Units in Sentaurus Interconnect can be specified explicitly by giving the units in angle brackets. For most cases, the default unit of length is micrometer. Therefore, location=2.0<um> and location=2.0 are equivalent. In this section, units are given explicitly.
The unified coordinate system (UCS) is switched on by default (math coord.ucs), so the axes in Sentaurus Visual match the axes in the command file of Sentaurus Interconnect.
You can label a line with the tag keyword for later use in the region command.
To define the initial simulation domain, use the region command. Many, if not most, simulations start with a block of silicon. The shorthand for this situation is to define a region of silicon that spans all defined lines:
region Silicon
You also can use the region command to define a new region between specified lines. To limit the size of the region to be less than all defined lines, the lines must be given a label with the tag argument, which is defined in the line command. These labels are used in the region command with the xlo, xhi, ylo, yhi, zlo, and zhi arguments.

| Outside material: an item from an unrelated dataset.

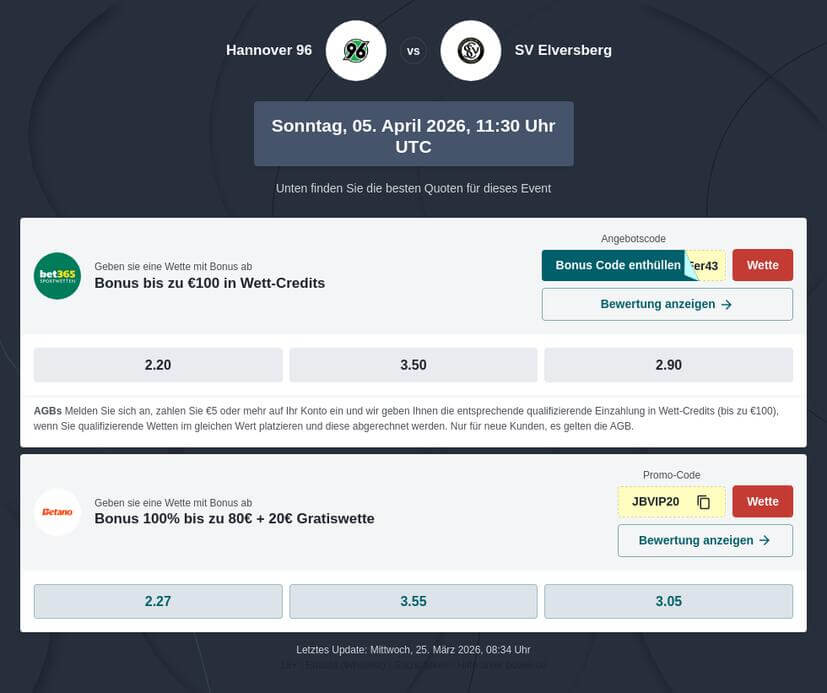 - Sieg SV Hannover 96 2.27 Unser Tipp!

To initialize the simulation, use the init command:
init wafer.orient= { 0 0 1 } notch.direction= { 1 1 0 }
Here, the wafer orientation is set to {0 0 1}, and the flat orientation is set to {1 1 0}; these are the defaults.
The init command can be used to initialize the initial impurity and many other definitions, and to load previous simulations.
The initial grid is valid until the first command that changes the geometry, such as deposition or etching. For these steps, a remeshing strategy must be defined.
The meshing engine Sentaurus Mesh tries to preserve the initial mesh as much as possible and only modifies the mesh in the new layers and in the vicinity of the new interfaces.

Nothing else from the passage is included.